Although official data for first-quarter GDP and industrial growth exceeded expectations, the industrial economy has not yet bottomed out.
Our Business Sentiment Index in the first quarter stood at 47, one point above the previous quarter, but still indicating a slight contraction. Overcapacity remains at a historical high, both in terms of its prevalence and severity.
The low BSI in Q1 was, again, a result of weak investment. Only 1% of the firms considered it a “good” time to make fixed investments, with a diffusion index of 38, far below the turning point of 50. In reality, only 8% of firms made any fixed investments in Q1 and a mere 2% made expansionary investments.
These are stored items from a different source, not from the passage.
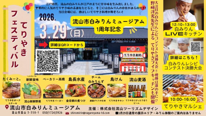 これを記念して、2026年3月29日(日)に、白みりんミュージアム1周年記念「TERIYSAKIフェスティバル」が開催されます。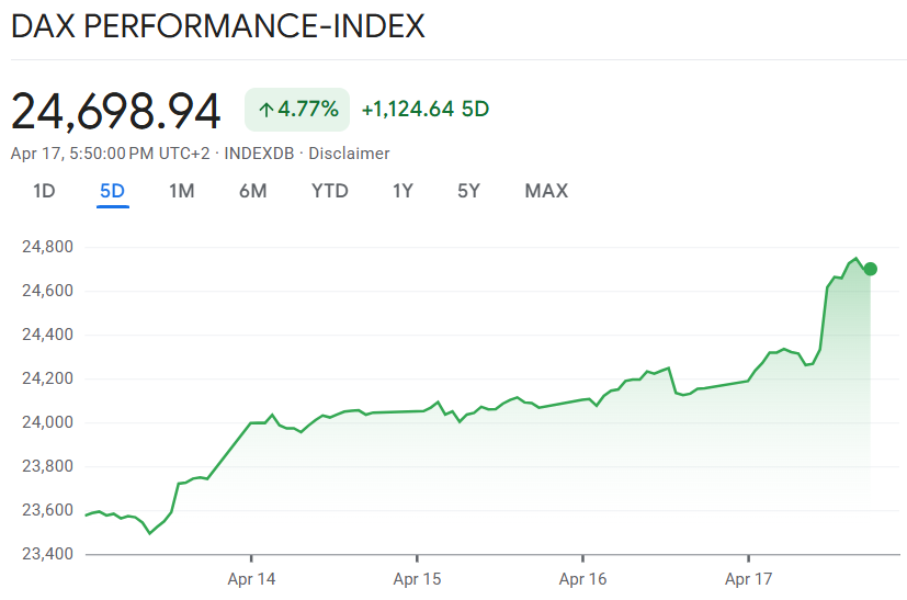 Besonders deutlich fiel die Reaktion an den Aktienmärkten aus. Der Dax sprang regelrecht nach oben und gewann 2,4 Prozent auf 24.734 Punkte. Auch der EuroStoxx50 legte kräftig zu und schnellte um 1,8 Prozent auf 6.041 Punkte.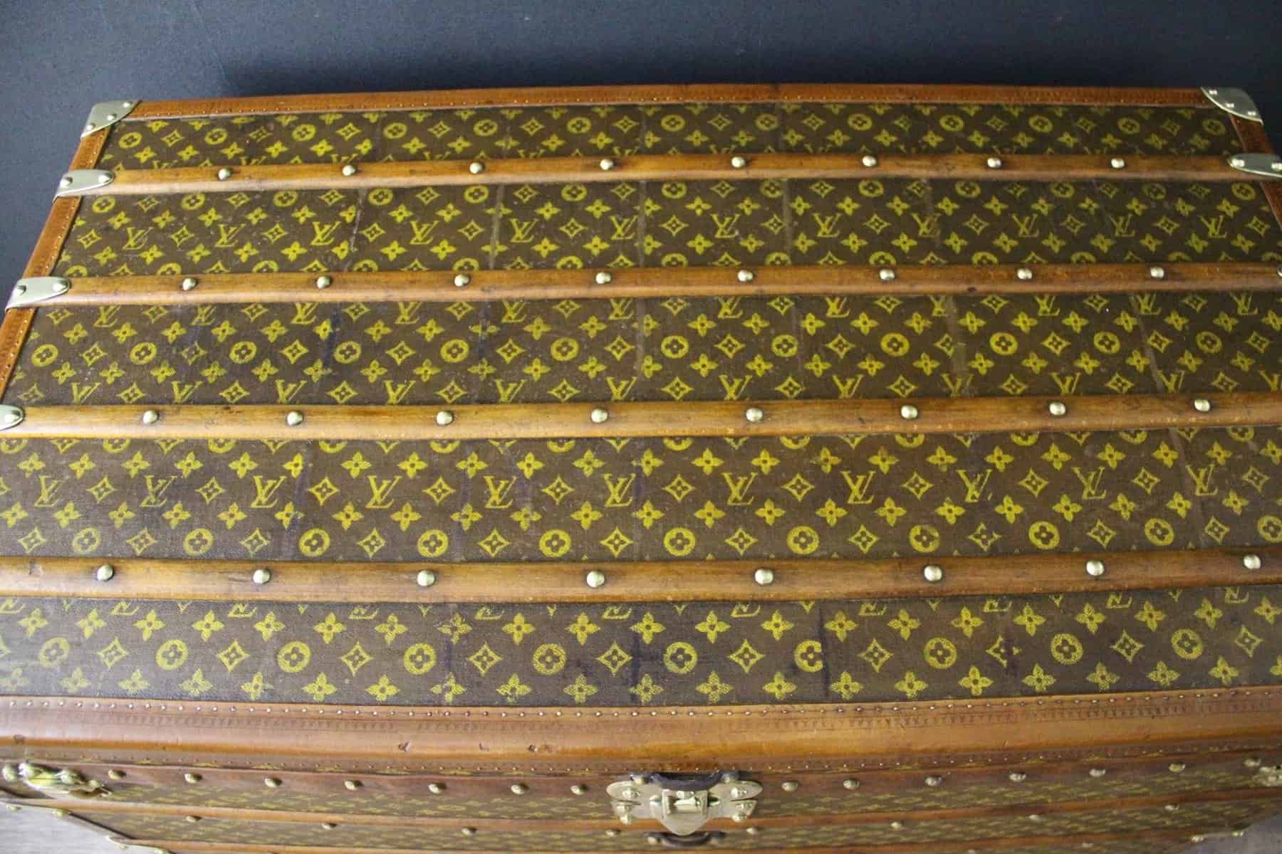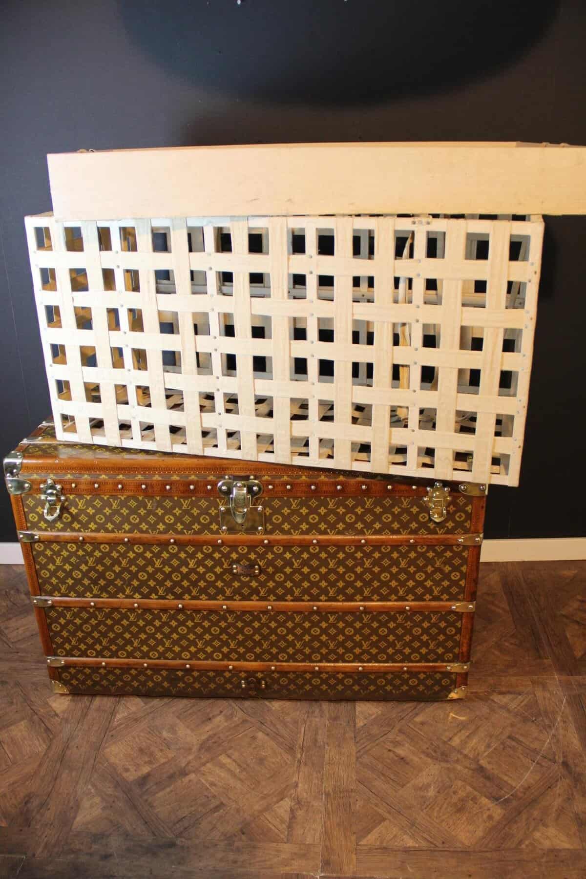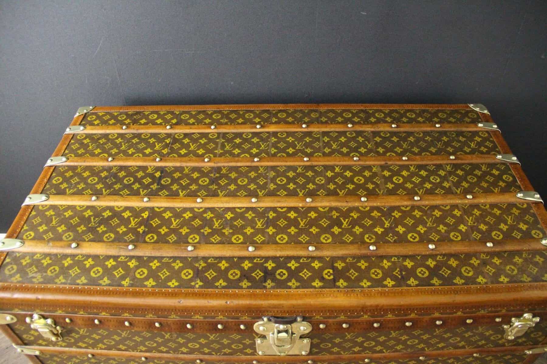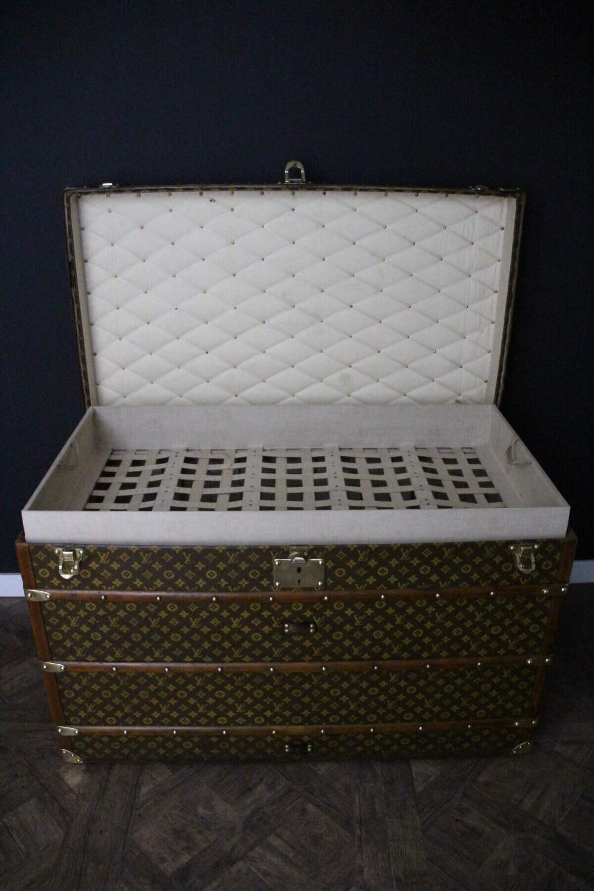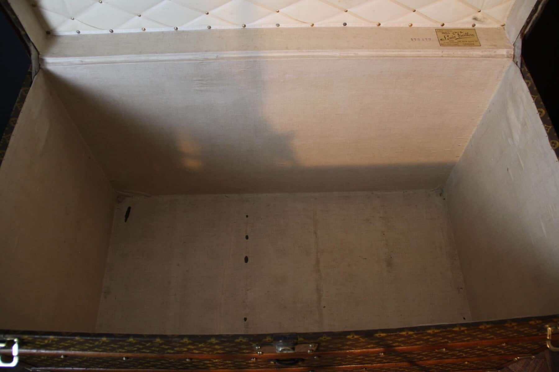 Cette superbe malle Louis Vuitton est ornée d’un magnifique monogramme peint à la main au pochoir, d’une bordure en lozine couleur miel doré, de serrures et de clous en laiton massif estampillés LV, ainsi que de grandes poignées latérales en cuir et de coins en laiton. Son drapeau de Monaco peint à la main sur les côtés ajoute une touche de personnalité. Elle bénéficie également d’ une belle patine d’origine et est très élégante. Il s’agit de la plus grande malle jamais produite par Louis Vuitton et elle est très impressionnante. Tout son intérieur est entièrement d’origine avec ses 2 paniers amovibles à sangles, son capiton sous le capot et son ruban brodé Louis Vuitton, son étiquette Louis Vuitton et son numéro de série. Il est en bon état et trés est très spacieux et serait très pratique pour le rangement. De plus, il n’y a pas d’odeur a l’interieur. Ses grandes dimensions sont inhabituelles et rendent cette pièce absolument spectaculaire. Cette malle Vuitton peut être placée dans un hall d’entrée, un salon, un bureau ou une chambre à coucher pour un look à couper le souffle. Elle constituerait un magnifique objet de curiosité dans les intérieurs haut de gamme, en tant que table console ou coffre à couvertures.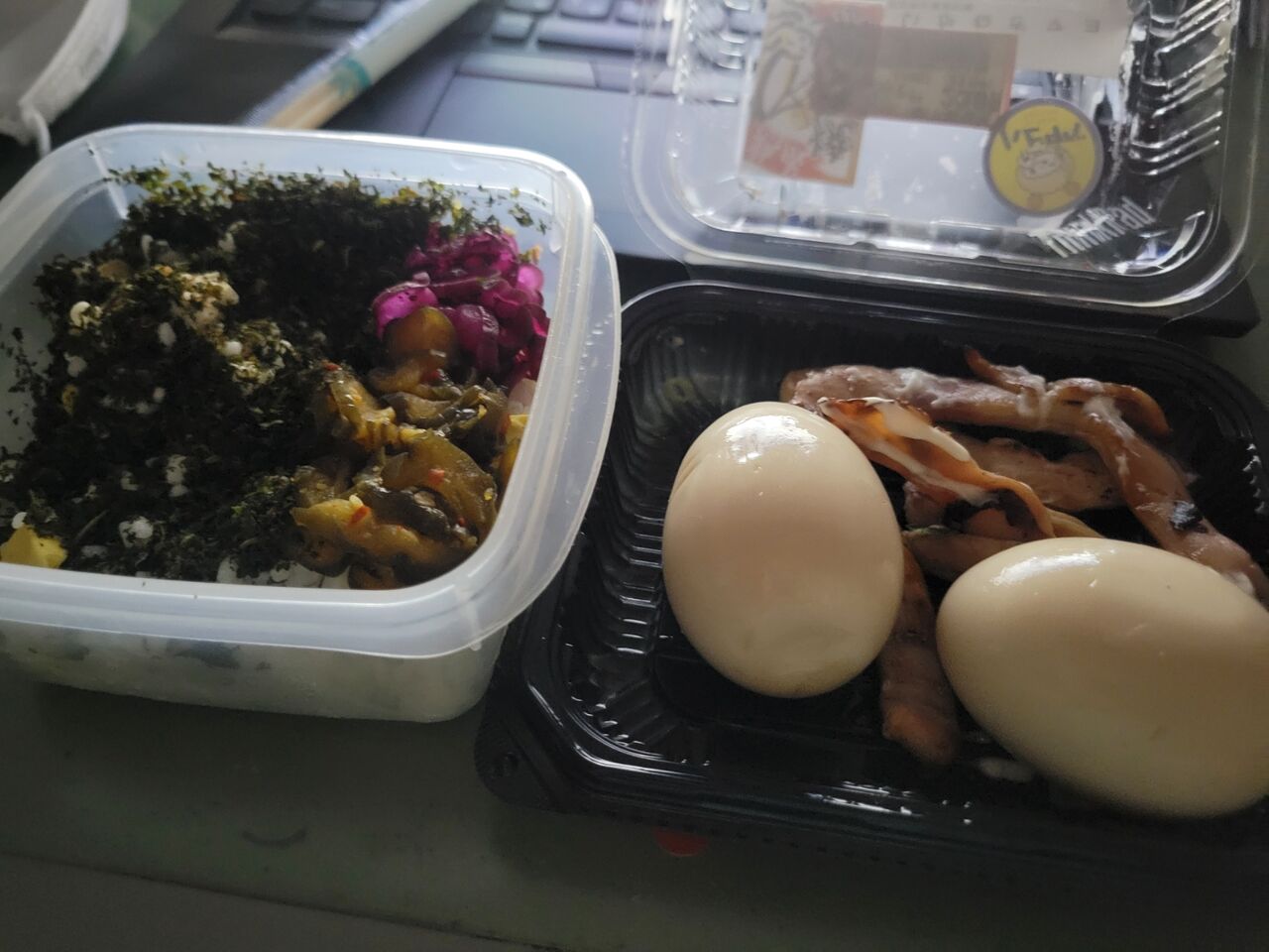 昼ご飯は自家製しそふりかけご飯に漬物とイカ焼きに味玉2個

The sluggish investment is not likely to improve in the near future: only 12 firms (0.6 %) said they planned to make investments in the next quarter.
The BSI, directed by Gan Jie, Professor of Finance at the Cheung Kong Graduate School of Business, is the simple average of three diffusion indices, including current operating conditions, expected change in operating conditions and investment timing. The index ranges between 0 and 100—a larger value indicates better operating conditions, with 50 marking the turning point between expansion and contraction. Compared with other economic indices, the BSI is more forward-looking and is a reflection of the absolute level of economic activities.
As in 2016 Q4, cost rises have been the driving force behind price rises. Among firms with product costs inflation above 5%, cost rises were the most prominent. The proportion of firms with unit cost increases above 5% and 10% were 87% and 8%, respectively, far above the whole sample. Unit cost increases are mostly related to raw materials costs—16% of these firms reported raw materials cost rises above 5%. Meanwhile, these firms were similar to the whole sample in terms of production expansion and overcapacity. This points toward price inflation driven by cost run-ups, rather than by increased demand.
The advantage of state-owned firms over private firms has increased in recent quarters, in terms of business sentiment and operating conditions. After two years of capacity curtailment, state-owned firms fared better in production and investment in Q1, as compared with private firms. This chart also suggests that the recent media reports of export expansion in Q1 have been due to the fact that exports of state-owned firms dropped in the past year before recovering significantly in Q1. As for private firms, their exports did not shrink last year and stayed flat in Q1. Private firms represent the vast majority, with overall exports staying flat in Q1.
In Q1, the proportion of firms reducing workers by more than 10% was 1.7%, while the proportion of firms reducing workers by more than 20% was 1.5%, up from 1.0% and 0.7% in Q4. We estimate that a total of 650,000 jobs were lost in 2017 Q1. Consistent with an improved industrial structure, firms with severe overcapacity are more likely to reduce employment and production. Among those with severe overcapacity (above 20%), the proportion of firms reducing production by more than 5% and 10% were 26% and 17% respectively, both significantly more than that of the whole sample (10% and 5%).